Perhaps there is paint somewhere. The room in which you woke up just an hour ago now seems emptier. Not that things have vanished but the
things themselves seem more bare. For all one knows going back to bed wouldn’t be the end of the world. But no, going into bed in this situation
would equal to becoming an expressionless fossil á la Sphinx of Giza. No way. Answers must be met. Onto and into the other room. Nothing. Just
smellier sulfur-smell. A black dress hanging from the curtain rod. Christmas lights. Empty cans and coins by the window. Curled towels. A calendar.
Fish leather. A broken orange salt lamp on the floor. A dirty mirror. Shiny makeup. Silica gel bags. A thermos.

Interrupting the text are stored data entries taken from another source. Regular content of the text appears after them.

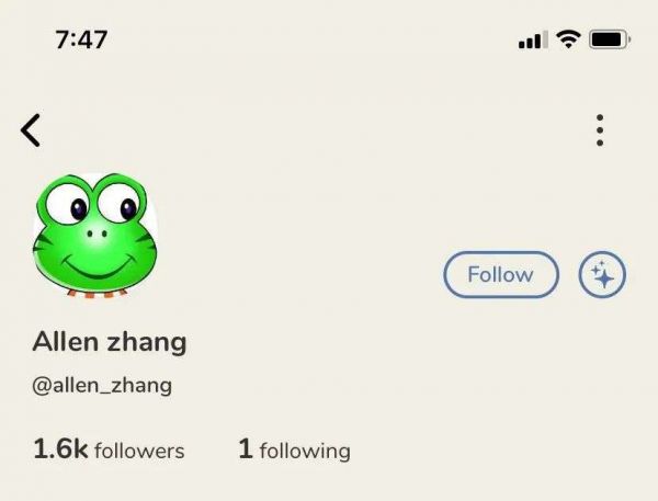 今天(2月7日)早上我在使用 CH 时,在别人的 follow 列表里无意间发现了一个熟悉的头像和名字,一个绿青蛙头像和一个叫 Allen zhang 的名字。
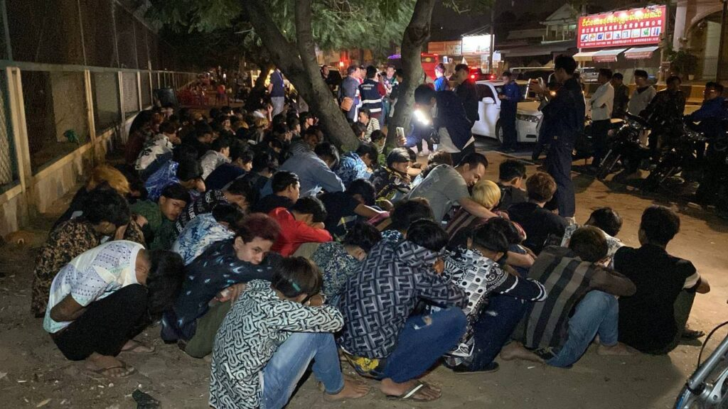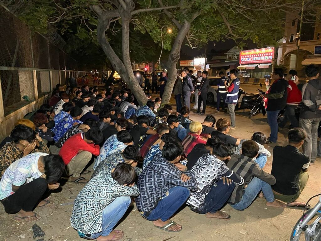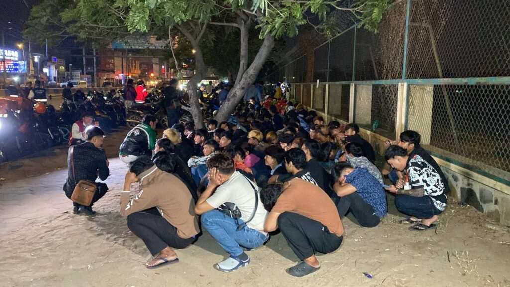 柬单网报道,2026年2月8日凌晨2时,金边菩森芷区警方在俄罗斯大道展开执法行动,拘留了近100名涉嫌扰乱公共秩序的摩托车团伙成员,并对其进行教育。
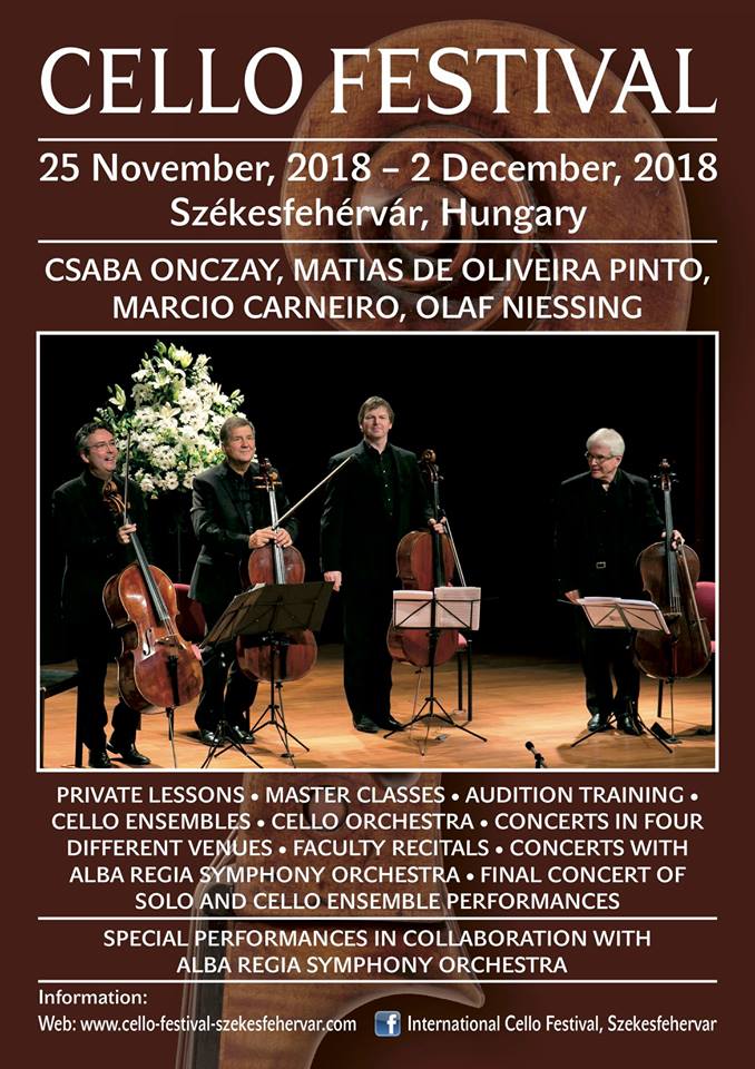 Németország, Brazília és Chile után Székesfehérváron rendezik a 4. Nemzetközi Csellófesztivált, melyen a mesterkurzusok és a magánórák mellett több helyszínen koncertekkel örvendeztetik meg a fehérváriakat a világ minden tájáról érkező kiemelkedő csellisták.
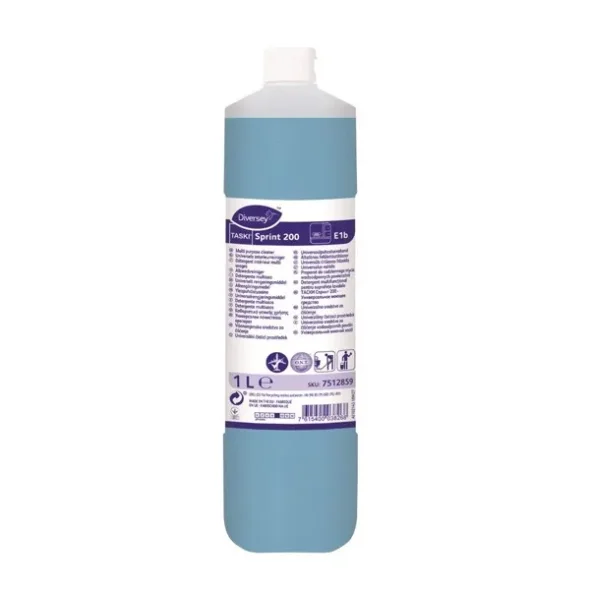 Diversey TASKI Sprint 200 – 1 LiterEffektive Reinigung mit schnellem und streifenfreiem Trocknen!TASKI Sprint 200 von Diversey ist das ultimative Universalreinigungsmittel für den täglichen Gebrauch auf allen abwaschbaren Oberflächen. Es ist pH-neutral, schnellwirkend und hinterlässt bei jeder Anwendung einen frischen Duft. Mit einer einzigartigen Zusammensetzung aus effektiven Tensiden und Odour Neutralizing Technology (O.N.T.) erhalten Sie ein Produkt, das streifenfreies Trocknen und langanhaltende Frische liefert.Eigenschaften:• pH-neutral – schonend zu Oberflächen

A knife. Bread crumbs. Surprisingly,
olive oil. “RiceDream” small cartons, torn plastic wrapper, 20x20cm cardboard, three or four greasy glasses, and a bed with blue sheets and green
duvet. But no paint. Try to open, locked, so knock, on the other room. A few seconds pass. You try to look through the keyhole, you see a window
and lots of what appear to be, lots, of Christmas lights. Like a spider threading cables. Turn the knob and tackle. To no success. What is it about this
room? Is there something about it other than it’s locked? Alas, maybe it’s better for everyone, and I mean, everyone, to ignore this room. Why?
Because we don’t know what’s behind it. It is not unconceivable that there is someone in there. Like, right now. Someone unknown to you. No, you
just need paint. No need for someones. But if you can’t find any? Then what else?

There is canned tomato sauce in the kitchen cupboard. And there is what appears to be something like mayonnaise. And another blue-colored
sauce. Possibly made of berries. Very aesthetic. At least that you figure. The products are in a foreign language. But when you face the wall, you
can’t go through with it. It is not fully known why. You just stare. You light another cigarette. Times passes.

You stay standing, motionless, looking at the outside for a considerable amount of time. At last, you are turning the exit-door knob. A bigger relative
size, outside. You take a step, carefully. The snow is crunchy. You take another step. You leave without the help of ideas, and, as it is, quite naturally.
The day is diaphanous, lightweight, prairied. It is more or less 10 A.M.